Before the coronavirus (COVID-19) pandemic, 17 percent of U.S. employees worked from home 5 days or more per week, a share that increased to 44 percent during the pandemic. The outbreak of the COVID-19 pandemic accelerated the remote working trend, as quarantines and lockdowns made commuting and working in an office close to impossible for millions around the world. Remote work, also called telework or working from home (WFH), provided a solution, with employees performing their roles away from the office supported by specialized technology, eliminating the commute to an office to remain connected with colleagues and clients.

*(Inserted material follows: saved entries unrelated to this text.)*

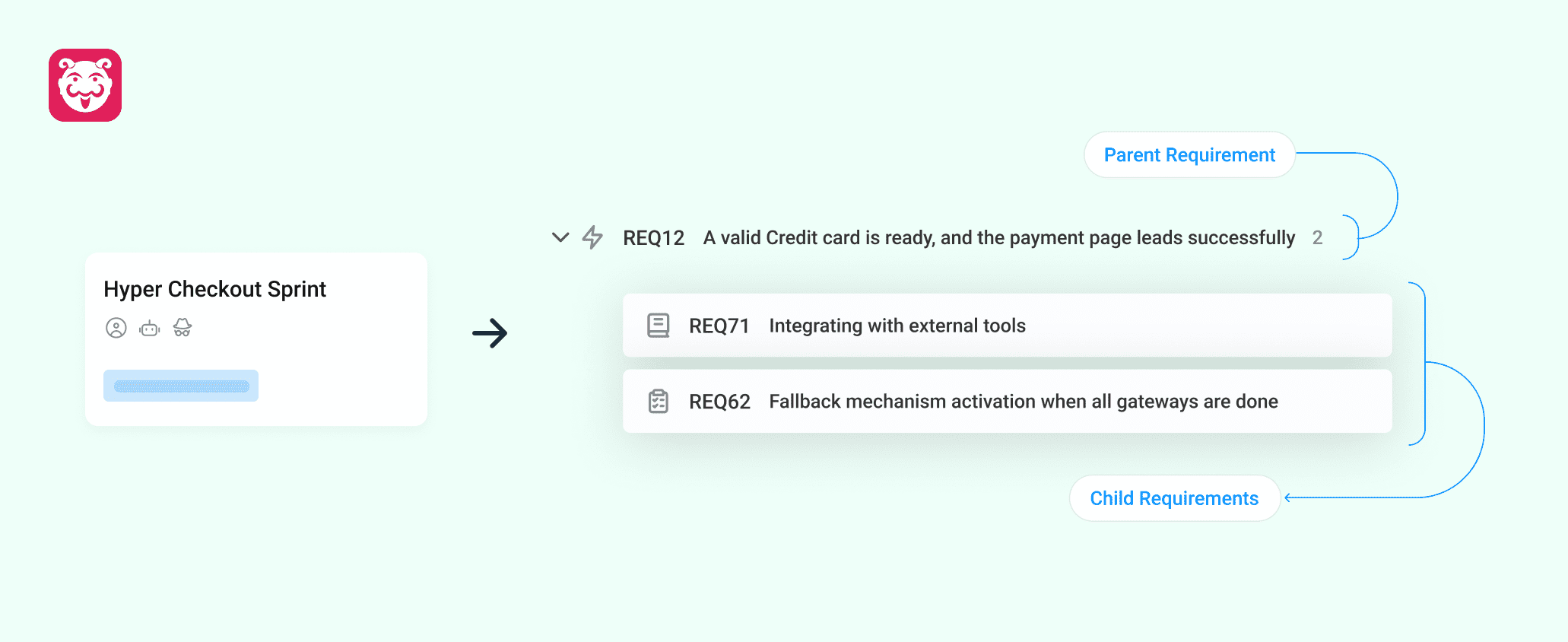Within Sprint Requirements, users can view requirements organized in a parent–child hierarchy. Parent requirements can be expanded to reveal their associated child requirements.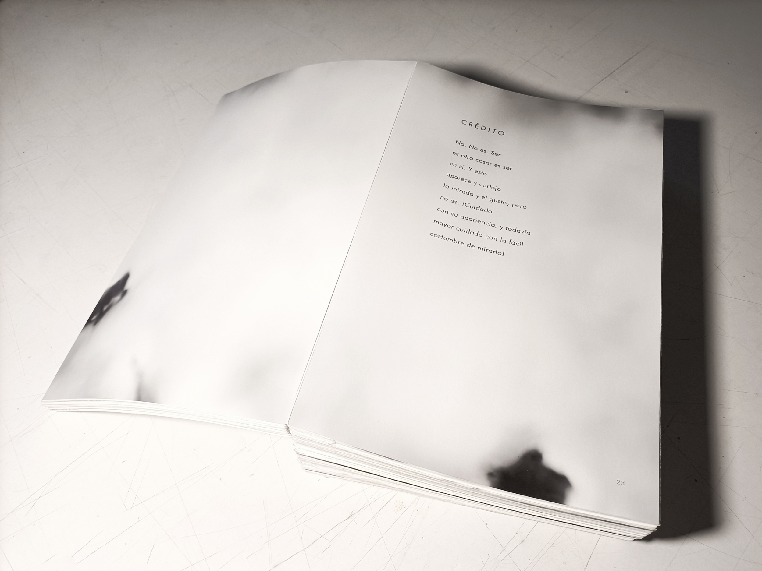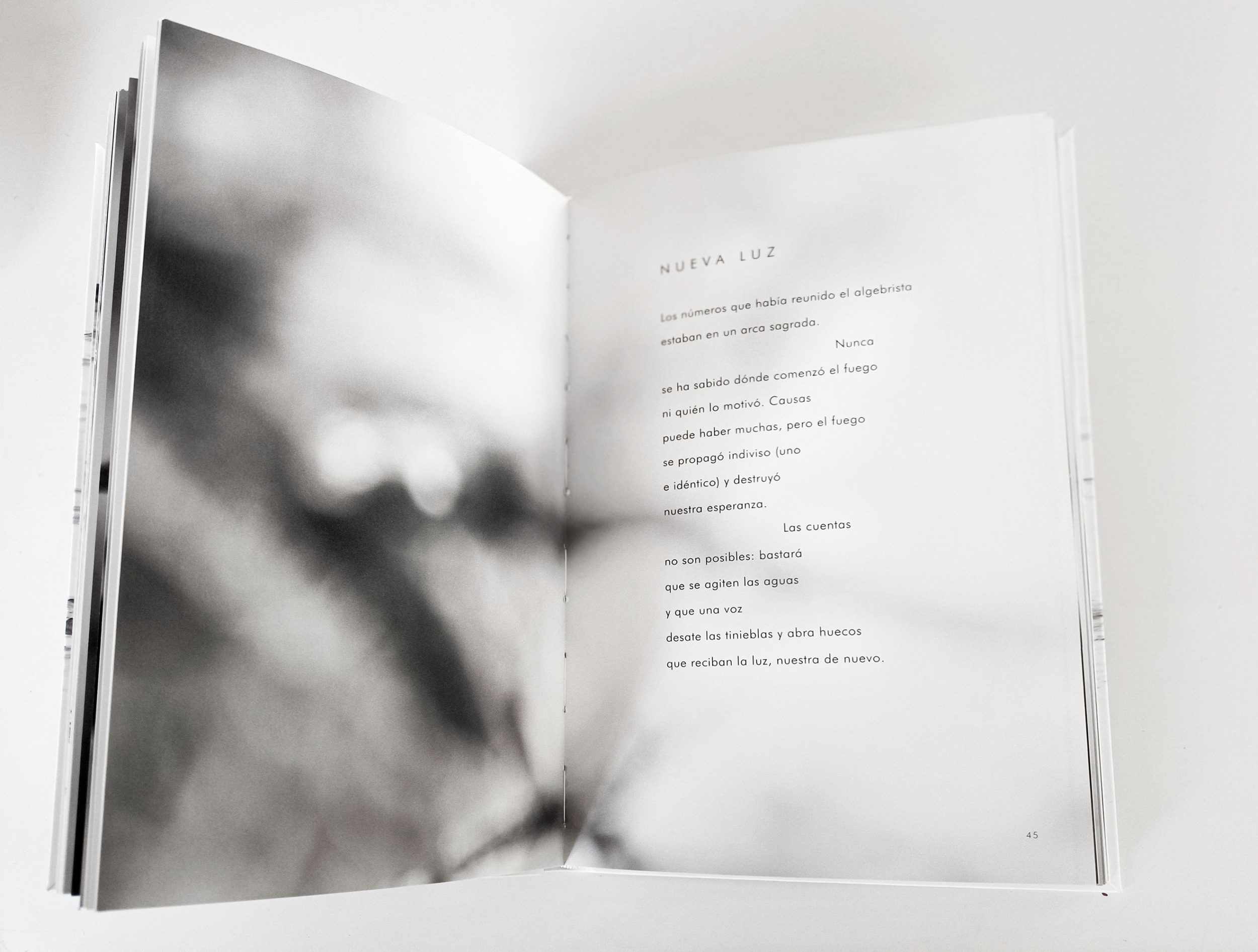 Este libro no es una mera yuxtaposición de disciplinas, sino una obra donde ambas se potencian mutuamente, donde la luz y la sombra, el silencio y la voz, construyen metáforas que nos invitan a sumergirnos en la inmensidad de lo inefable. Ignacio Llamas, con su poética visual depurada, nos sitúa en escenarios de ausencia y recogimiento, donde la luz se convierte en presencia y la sombra en testimonio. Por su parte, Jesús Cobo, a través de su palabra precisa y evocadora, nos guía en un tránsito de profundidad, donde el verbo se vuelve luz que nombra y da sentido.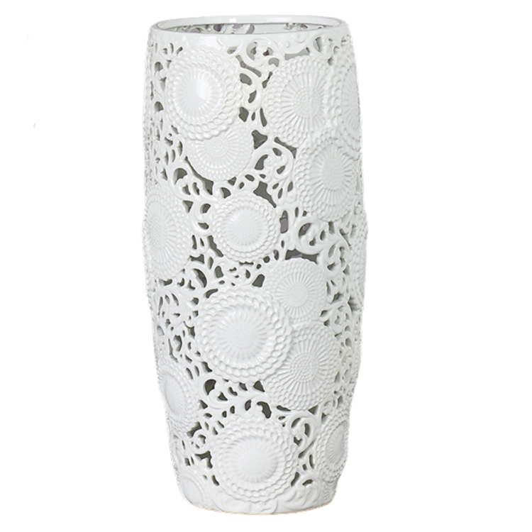 Aggiungi un tocco di eleganza raffinata al tuo ingresso con il nostro meraviglioso Portaombrelli in Ceramica Bianco con Decori Traforati. Questo portaombrelli è realizzato in ceramica di alta qualità e presenta un design traforato che lo rende un vero e proprio pezzo d’arte funzionale. Il colore bianco puro si integra facilmente con qualsiasi stile di arredamento, mentre le sue dimensioni generose permettono di ospitare ombrelli di diverse misure. Ideale per mantenere l’ordine e la pulizia del tuo ingresso, questo portaombrelli unisce bellezza e praticità in un unico prodotto.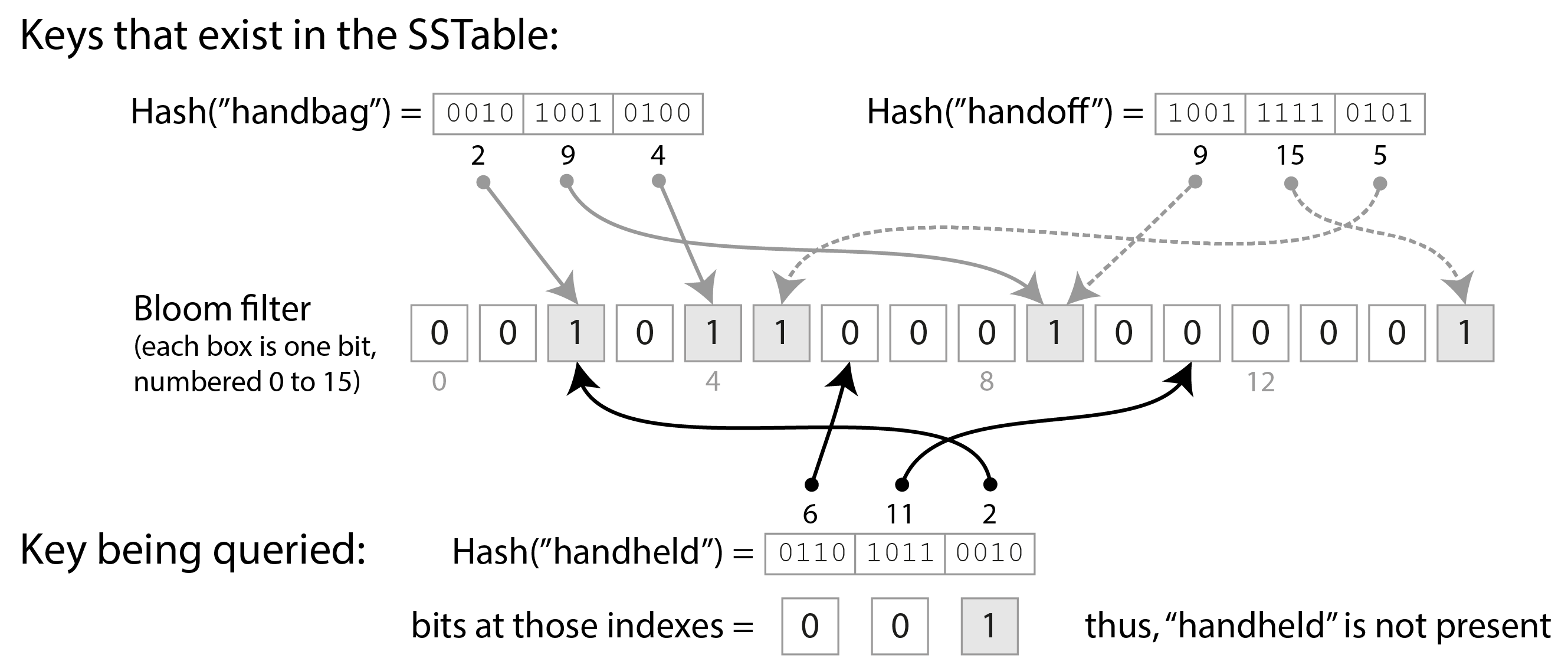 当我们想知道一个键是否出现在 SSTable 中时,我们像以前一样计算该键的相同哈希,并检查这些索引处的位。例如,在 图 4-4 中,我们查询键 handheld,它哈希为 (6, 11, 2)。其中一个位是 1(即第 2 位),而另外两个是 0。这些检查可以使用所有 CPU 都支持的位运算非常快速地进行。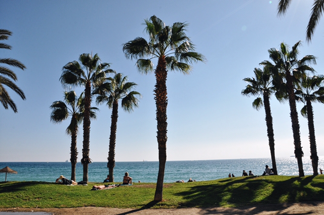 천천히 걸어서 도착한 말라가 해변은 아직도 여름인가 보다.
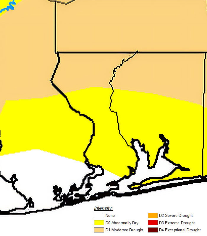 The Walnut Hill, Enon, Molino, and McDavid areas are experiencing drought conditions, according to the center (map below). The remainder of Escambia County is officially just “abnormally dry.”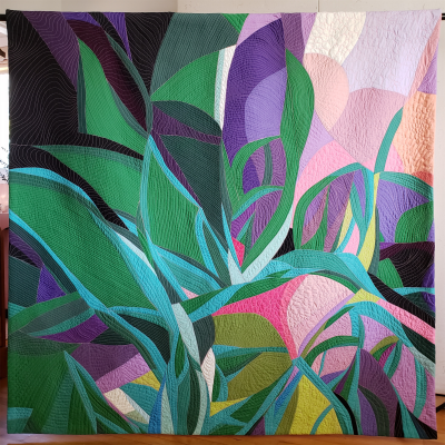 Improvisational piecing, made entirely of upcycled materials (including batting). Inspired by the nature and the colors of Mexico.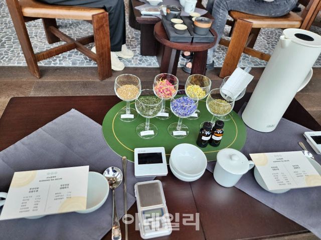 테이블 위에는 여섯 잔의 유리잔이 놓였다. 각각의 잔에는 다른 색의 허브잎이 담겨 있었다. 노란 캐모마일, 보랏빛 콘플라워, 분홍 장미잎, 녹차잎, 그리고 은은한 향의 페퍼민트까지. 마치 꽃잎으로 물든 팔레트를 보는 듯했다. 옆에는 디지털 저울과 온도계, 작은 스푼이 정갈히 놓여 있었다.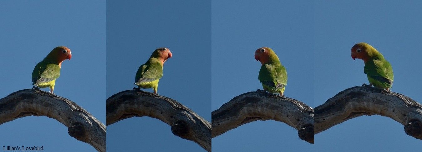 Although it was still quite cloudy some Lillian’s Lovebirds were photographed with one perched out in the open and staying there for a while for a change!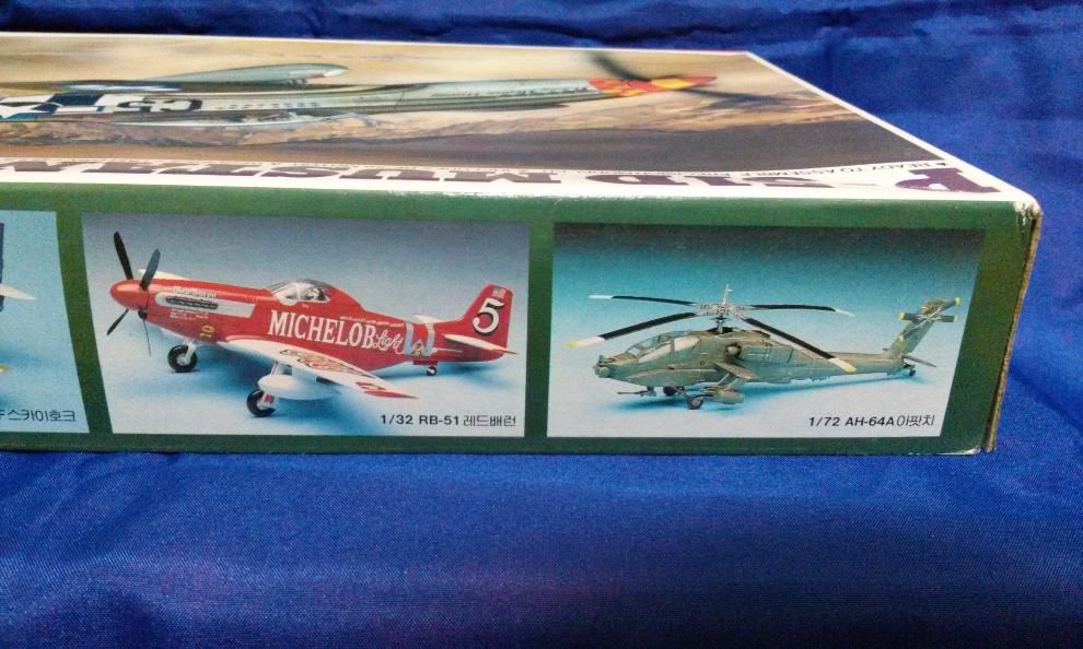 세미사사의 1/32 무스탕의 전면 박스그림입니다. 본 제품의 연혁은 아카데미사의 무스탕에서 시작하고 있습니다. 듣기로는 하세가와의 무스탕 그림을 모작하였다고 하였는데, 세미나는 독자적으로 무스탕을 그린 것으로 알고 있습니다.
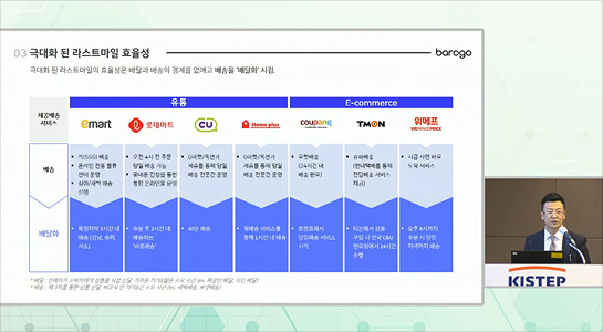 이상명 바로고 비즈세일즈 그룹장은 비대면 경제가 간소화시킨 서비스의 흐름을 살펴보고 배송, 구매 경험, 이동 등 세 가지 측면을 기준으로 비대면 경제에서 물류는 서비스의 옵션이 아닌 비즈니스의 목적임을 역설하였다. 더불어 획일화되고 정형화된 물류시스템 속에서 다양한 소비자의 욕구(배송시간 및 속도)에 대한 니즈가 커지면서 라스트 마일(고객과의 마지막 접점)을 잡는 자가 물류와 유통을 아우르는 강자가 될 것으로 전망하였다.

What enables working from home?

To enable remote work, employees rely on a remote work arrangements that enable hybrid work and make it safe during the COVID-19 pandemic. Technology supporting remote work including laptops saw a surge in demand, video conferencing companies such as Zoom jumped in value, and employers had to consider new communication techniques and resources. Is remote work the future of work?

The response to COVID-19 has demonstrated that hybrid work models are not necessarily an impediment to productivity. For this reason, there is a general consensus that different remote work models will persist post-COVID-19. Many employers see benefits to flexible working arrangements, including positive results on employee wellness surveys, and potentially reducing office space. Many employees also plan on working from home more often, with 25 percent of respondents to a recent survey expecting remote work as a benefit of employment. As a result, it is of utmost importance to acknowledge any issues that may arise in this context to empower a hybrid workforce and ensure a smooth transition to more flexible work models.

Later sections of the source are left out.